Das kann nicht das Ziel von einer berechtigten und angemessenen Rücknahme von übermäßiger Ausgelassenheit und einem moralisch wie ethisch sicherlich notwendigen Respekt gegenüber Tod und Zerstörung sein“, erläutert Riehle.
Er ermutigt deshalb auch: „Suchen Sie sich Gesprächspartner, um Ihre Gedanken auszuformulieren und sich von der Seele zu reden. Oftmals sind wir in einer Schockstarre, die uns gehandicapt zurücklässt. Entscheidend ist jetzt, dass wir Herr über unser eigenes Leben bleiben und es nicht der Macht der Propaganda überlassen“.
Riehle meint abschließend ermutigend: „Überlassen wir unser Dasein nicht der Dramatisierung und Eskalationsszenarien, sondern besinnen wir uns wieder zurück auf unsere eigene Unversehrtheit. Prävention, Therapie und Behandlung von Krankheiten sind elementar wichtig. Sie dürfen bei allem Mitgefühl für die Ukraine und den ständigen Warnungen vor neuen Omikron-Varianten in jedem Fall den Mittelpunkt unseres Lebens einnehmen. Gesundheit bleibt das höchste Gut, dessen sollten wir uns bewusst bleiben“.
Der Verein Dystonie-und-Du e.V. bietet allen eine kostenlose Psychosoziale Mailberatung an.

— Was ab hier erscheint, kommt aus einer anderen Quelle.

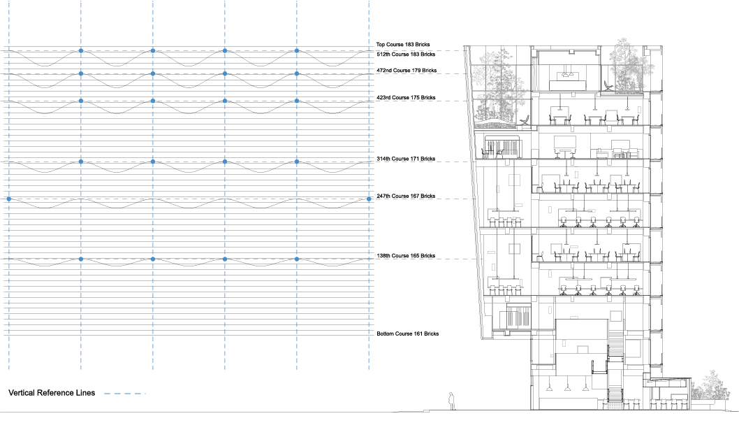 건물의 형태는 전면에서부터 회사의 정체성이 나타나도록 원단이 굽이치는 형태와 실이 짜인 조직감 등을 모티브로 설계되었다. 이러한 입면을 구성하기 위해 벽돌을 콘크리트 벽에 부착하는 ‘커튼 월’ 시스템을 채택했다. 입면의 벽돌은 총 520단이며, 24단마다 새로운 벽돌을 추가하였고, 파도 모양의 물결은 3층에서 시작하여 지붕 선까지 도달한다. 파도처럼 일렁이는 외관은 서쪽에서 성수동으로 향하는 도시와 거리의 전체적인 배경의 역할을 한다.
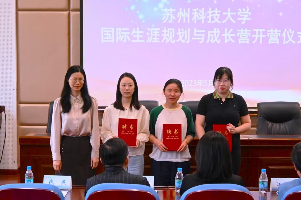 杨传明介绍了成长营基本情况及发展规划;钱佳、江忠华为苏州科技大学国际生涯规划与成长营揭牌;钱燕、董现珠分别为教师和学生骨干颁发聘书;李文老师和韦钰晗同学做代表发言;三位开云体育
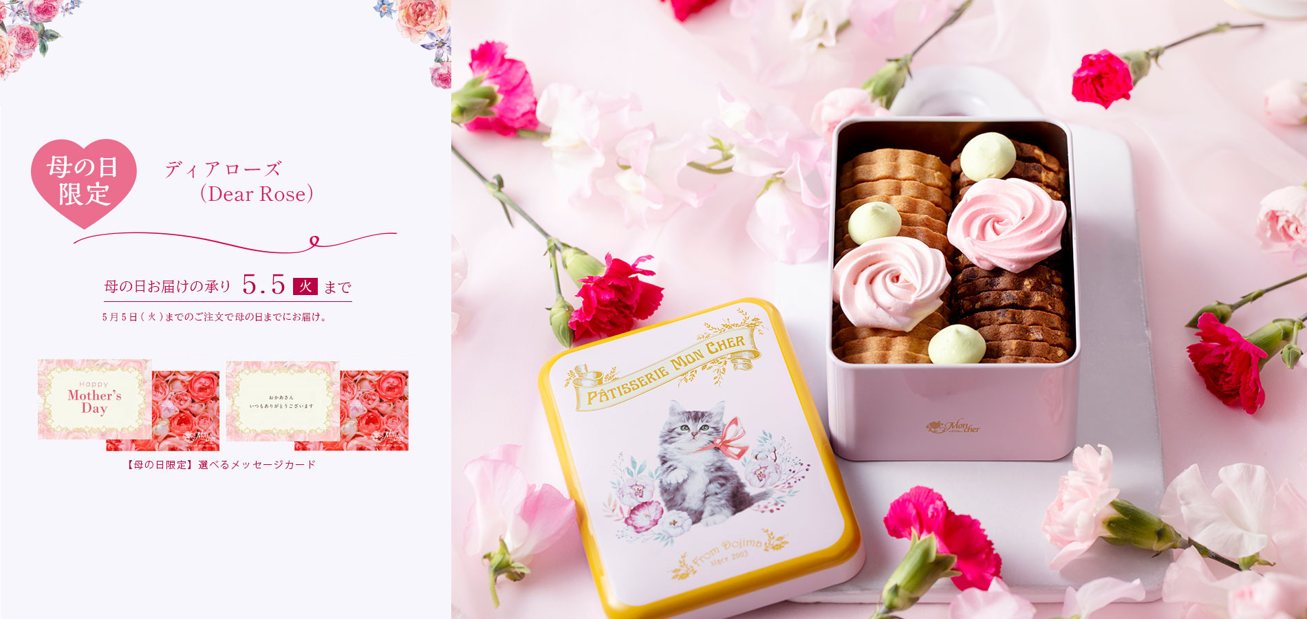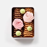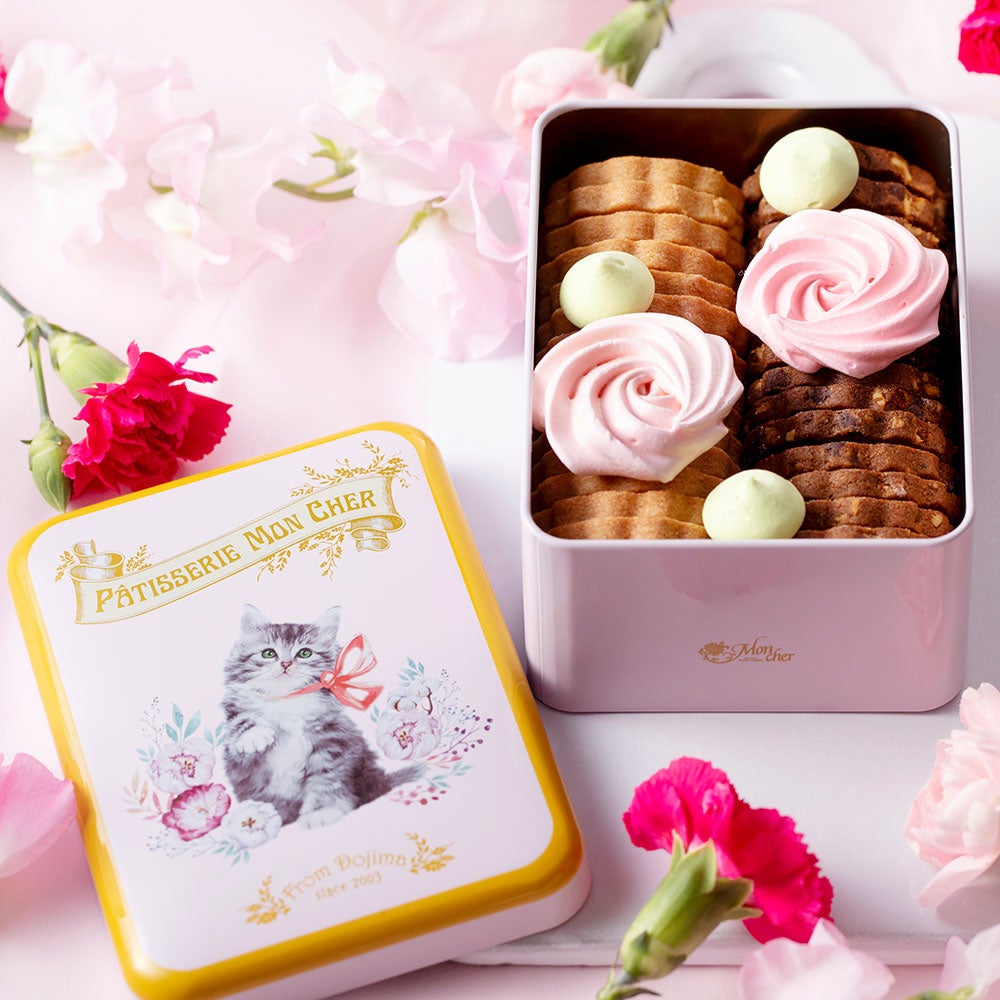 愛らしい猫が描かれた缶の中は、香ばしく焼きあげたサブレと、華やかなバラを思わせる2色のメレンゲ。

Er ist erreichbar unter: Dennis.Riehle@dysd.de.
Darüber hinaus beantwortet er alle Fragen zu Mitgliedschaft, Krankheitsbild und Hilfsmöglichkeiten auf der Webseite www.dystonie-und-du.de.
Zum Hintergrund: Die Dystonie-Erkrankung umschreibt eine Vielzahl von Störungsbildern, bei denen sich unwillkürliche Muskelkontraktionen in Krämpfen äußern und zu schmerzhaften wie nicht steuerbaren Zusammenziehungen und Streckungen von diversen Gelenken (vor allem der Handgelenke und von Fingergelenken), der Augenmuskulatur, der Stimme, der Gesichtsmuskeln, des Kauapparats oder der Halsmuskeln kommen kann.
Der Verein „Dystonie-und-Du e.V.“ ist der bundesweit tätige Selbsthilfeverband, der für Erkrankte und deren Angehörige offensteht, gleichermaßen aber auch für Fachpersonen Anlaufstelle ist und deshalb auch über einen wissenschaftlichen Beirat verfügt. Er wurde 2017 gegründet und vertritt seither die Interessen der Betroffenen der seltenen Erkrankung, die in Deutschland ca. 160.000 Personen heimsucht.